SYSTEM AND METHOD FOR DISTRIBUTED VOICE MODELS ACROSS CLOUD AND DEVICE FOR EMBEDDED TEXT-TO-SPEECH
    1.
    发明申请
    SYSTEM AND METHOD FOR DISTRIBUTED VOICE MODELS ACROSS CLOUD AND DEVICE FOR EMBEDDED TEXT-TO-SPEECH 有权
    用于分布式语音模型的系统和方法用于嵌入式文本到语音的云和设备

    公开(公告)号:US20160086598A1

    公开(公告)日:2016-03-24

    申请号:US14953771

    申请日:2015-11-30

    IPC分类号: G10L13/04 G10L13/07

    摘要: Systems, methods, and computer-readable storage media for intelligent caching of concatenative speech units for use in speech synthesis. A system configured to practice the method can identify a speech synthesis context, and determine, based on a local cache of text-to-speech units for a text-to-speech voice and based on the speech synthesis context, additional text-to-speech units which are not in the local cache. The system can request from a server the additional text-to-speech units, and store the additional text-to-speech units in the local cache. The system can then synthesize speech using the text-to-speech units and the additional text-to-speech units in the local cache. The system can prune the cache as the context changes, based on availability of local storage, or after synthesizing the speech. The local cache can store a core set of text-to-speech units associated with the text-to-speech voice that cannot be pruned from the local cache.

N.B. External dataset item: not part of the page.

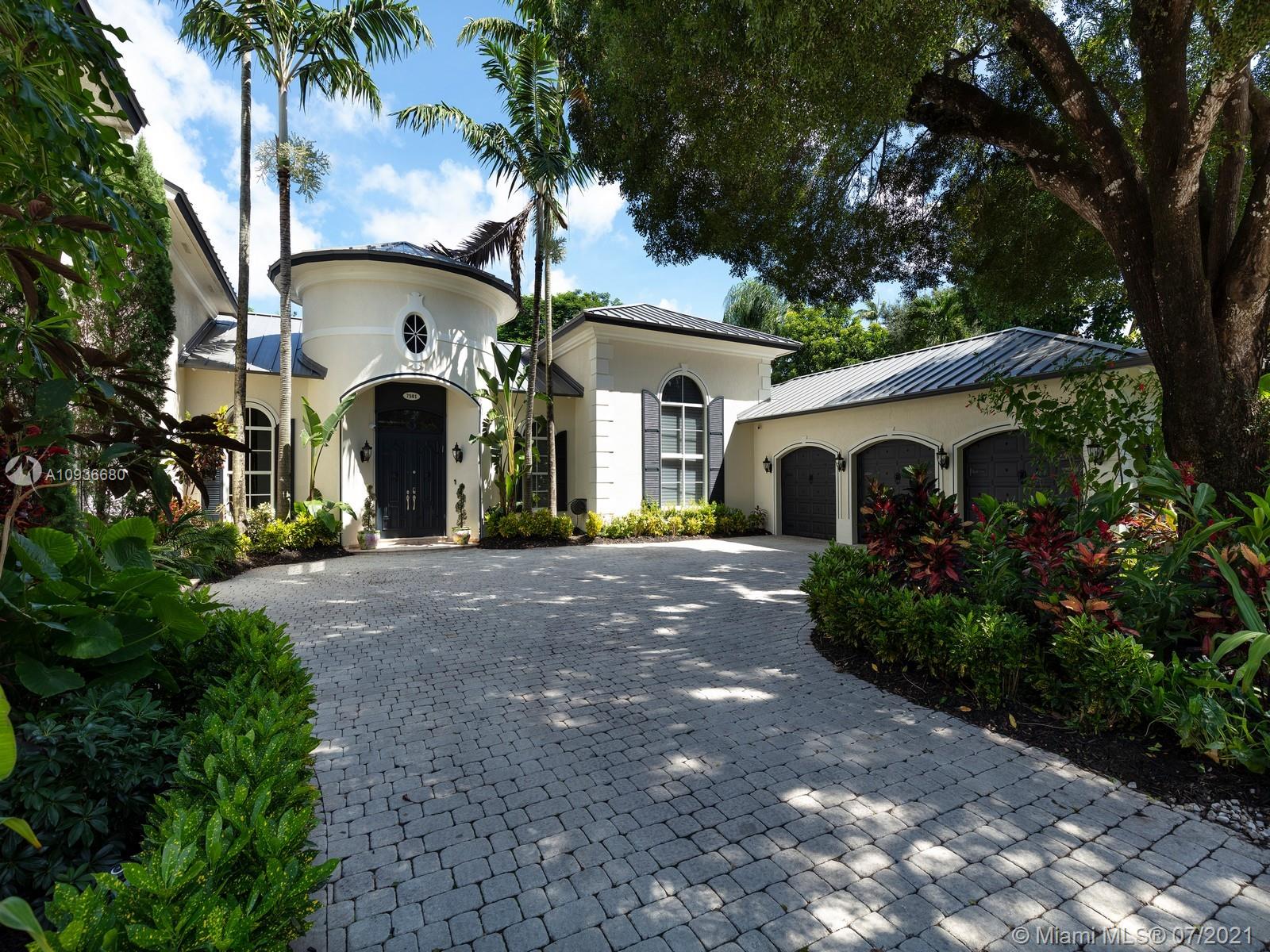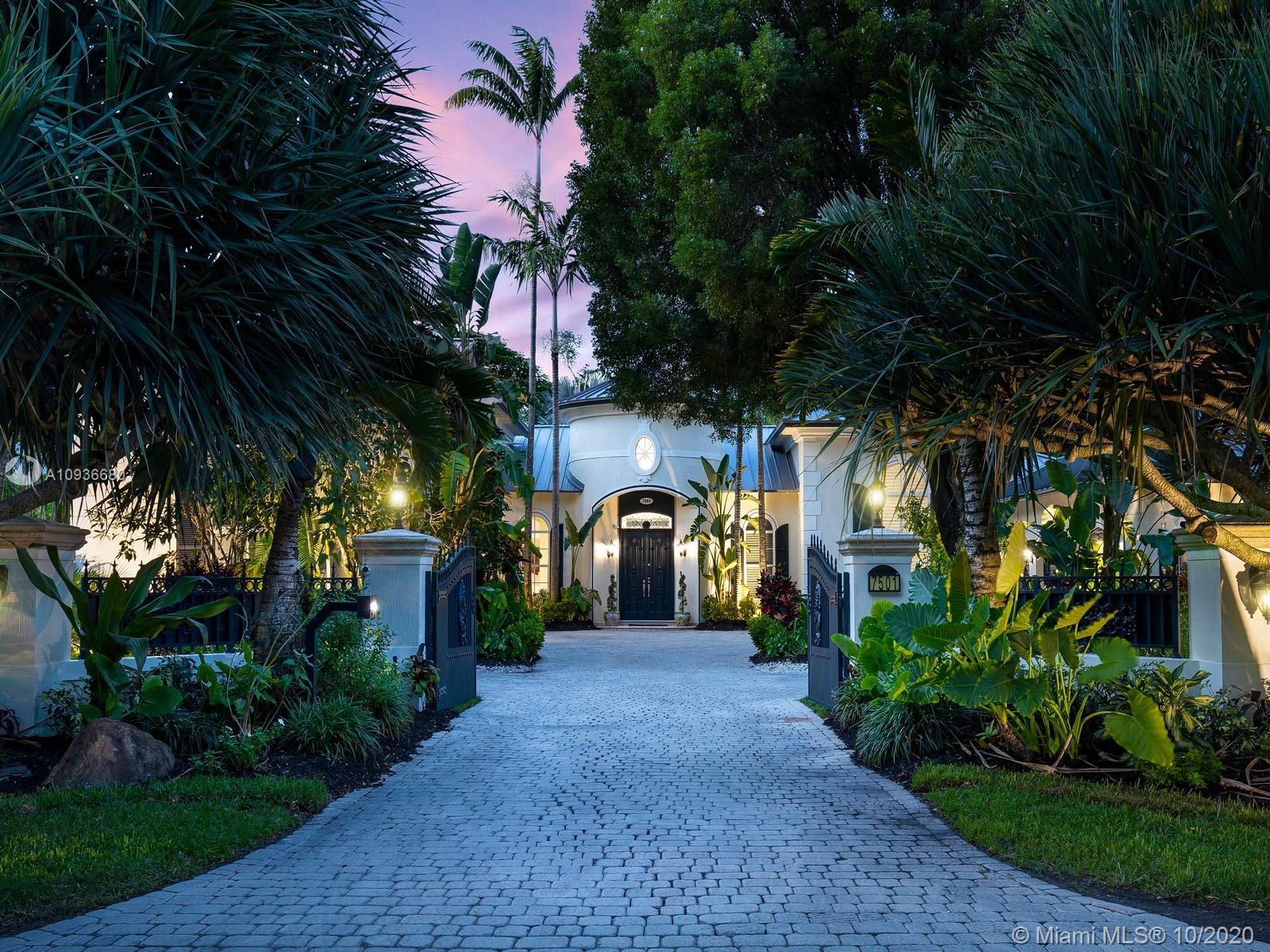 Luxurious Spanish Style Estate located in sought after N Pinecrest. Enveloped by pristine landscaping on a deep acre lot. This gorgeous gated home features a grand foyer, elegant living rm w/outdr views, chef’s eat-in kit w/top of the line appl including new Subzero’s, formal dining rm & family rm w/breakfast area. Dual Master suites, one on the ground level w/walk-in closet, resort-style bath & outdr access to patio area & the 2nd master bedrm, nested on its own on the 2nd level w/large space, walk-in closet, & spa-like bath. An outdr oasis awaits w/covered terr, fully tiled resort-style pool/spa. Detached 1 bed/1 bath cottage w/summer kit & large living space. Add Feat’s: New metal roof, new marble flrs, 3 car gar, just painted, service quarters, & office/library. Pinecrest Elite Schls.

    摘要翻译: 用于智能缓存用于语音合成的级联语音单元的系统,方法和计算机可读存储介质。 配置为实施该方法的系统可以识别语音合成上下文,并且基于用于文本到语音语音的文本到语音单元的本地高速缓存并且基于语音合成上下文来确定附加的文本 - 不在本地缓存中的语音单元。 系统可以从服务器请求附加的文本到语音单元,并将附加的文本到语音单元存储在本地高速缓存中。 然后,系统可以使用本地高速缓存中的文本到语音单元和附加的文本到语音单元来合成语音。 系统可以根据本地存储的可用性,或合成语音之后随着上下文的变化修剪缓存。 本地缓存可以存储与文本到语音语音相关联的文本到语音单元的核心集合,其不能从本地高速缓存中修剪。

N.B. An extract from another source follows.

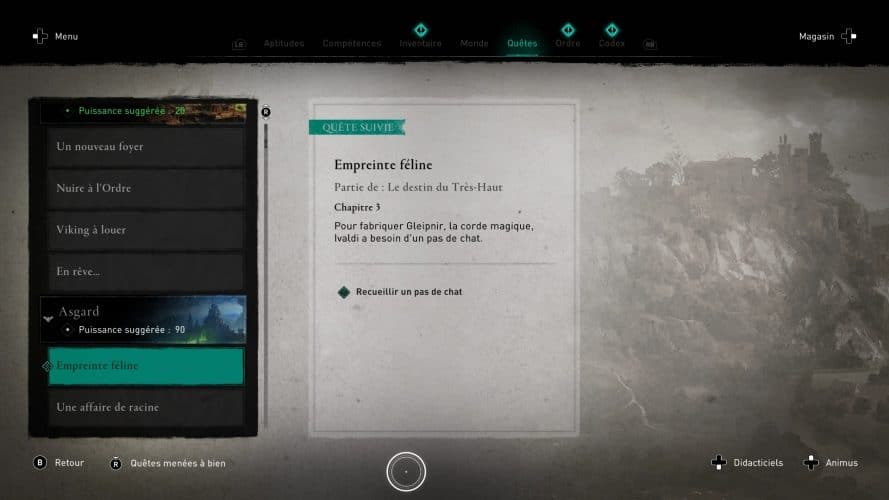 Empreinte féline est la sixième quête de l’arc de la saga Le destin du Très-Haut d’Assassin’s Creed Valhalla.
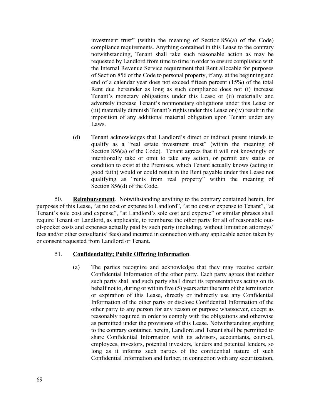 69 investment trust” (within the meaning of Section 856(a) of the Code) compliance requirements. Anything contained in this Lease to the contrary notwithstanding, Tenant shall take such reasonable action as may be requested by Landlord from time to time in order to ensure compliance with the Internal Revenue Service requirement that Rent allocable for purposes of Section 856 of the Code to personal property, if any, at the beginning and end of a calendar year does not exceed fifteen percent (15%) of the total Rent due hereunder as long as such compliance does not (i) increase Tenant’s monetary obligations under this Lease or (ii) materially and adversely increase Tenant’s nonmonetary obligations under this Lease or (iii) materially diminish Tenant’s rights under this Lease or (iv) result in the imposition of any additional material obligation upon Tenant under any Laws. (d) Tenant acknowledges that Landlord’s direct or indirect parent intends to qualify as a “real estate investment trust” (within the meaning of Section 856(a) of the Code). Tenant agrees that it will not knowingly or intentionally take or omit to take any action, or permit any status or condition to exist at the Premises, which Tenant actually knows (acting in good faith) would or could result in the Rent payable under this Lease not qualifying as “rents from real property” within the meaning of Section 856(d) of the Code. 50. Reimbursement. Notwithstanding anything to the contrary contained herein, for purposes of this Lease, “at no cost or expense to Landlord”, “at no cost or expense to Tenant”, “at Tenant’s sole cost and expense”, “at Landlord’s sole cost and expense” or similar phrases shall require Tenant or Landlord, as applicable, to reimburse the other party for all of reasonable out- of-pocket costs and expenses actually paid by such party (including, without limitation attorneys’ fees and/or other consultants’ fees) and incurred in connection with any applicable action taken by or consent requested from Landlord or Tenant. 51. Confidentiality; Public Offering Information. (a) The parties recognize and acknowledge that they may receive certain Confidential Information of the other party. Each party agrees that neither such party shall and such party shall direct its representatives acting on its behalf not to, during or within five (5) years after the term of the termination or expiration of this Lease, directly or indirectly use any Confidential Information of the other party or disclose Confidential Information of the other party to any person for any reason or purpose whatsoever, except as reasonably required in order to comply with the obligations and otherwise as permitted under the provisions of this Lease. Notwithstanding anything to the contrary contained herein, Landlord and Tenant shall be permitted to share Confidential Information with its advisors, accountants, counsel, employees, investors, potential investors, lenders and potential lenders, so long as it informs such parties of the confidential nature of such Confidential Information and further, in connection with any securitization,

    Systems, Computer-Implemented Methods, and Tangible Computer-Readable Storage Media For Transcription Alighnment
    2.
    发明申请
    Systems, Computer-Implemented Methods, and Tangible Computer-Readable Storage Media For Transcription Alighnment 有权
    系统,计算机实现的方法和有形计算机可读存储介质的转录缩写

    公开(公告)号:US20150046160A1

    公开(公告)日:2015-02-12

    申请号:US14492616

    申请日:2014-09-22

    IPC分类号: G10L15/26 G10L21/06

    摘要: Disclosed herein are systems, computer-implemented methods, and tangible computer-readable storage media for captioning a media presentation. The method includes receiving automatic speech recognition (ASR) output from a media presentation and a transcription of the media presentation. The method includes selecting via a processor a pair of anchor words in the media presentation based on the ASR output and transcription and generating captions by aligning the transcription with the ASR output between the selected pair of anchor words. The transcription can be human-generated. Selecting pairs of anchor words can be based on a similarity threshold between the ASR output and the transcription. In one variation, commonly used words on a stop list are ineligible as anchor words. The method includes outputting the media presentation with the generated captions. The presentation can be a recording of a live event.

    摘要翻译: 本文公开了系统,计算机实现的方法和用于标题媒体呈现的有形的计算机可读存储介质。 该方法包括从媒体呈现和媒体呈现的转录接收自动语音识别(ASR)输出。 该方法包括:通过处理器选择基于ASR输出和转录的媒体呈现中的一对锚定词,并通过将转录与所选择的一对锚点之间的ASR输出对齐来产生标题。 转录可以是人类产生的。 选择锚点对可以基于ASR输出和转录之间的相似性阈值。 在一个变体中,停止列表上常用的单词不符合锚点词。 该方法包括用生成的标题输出媒体呈现。 演示文稿可以是现场直播的录音。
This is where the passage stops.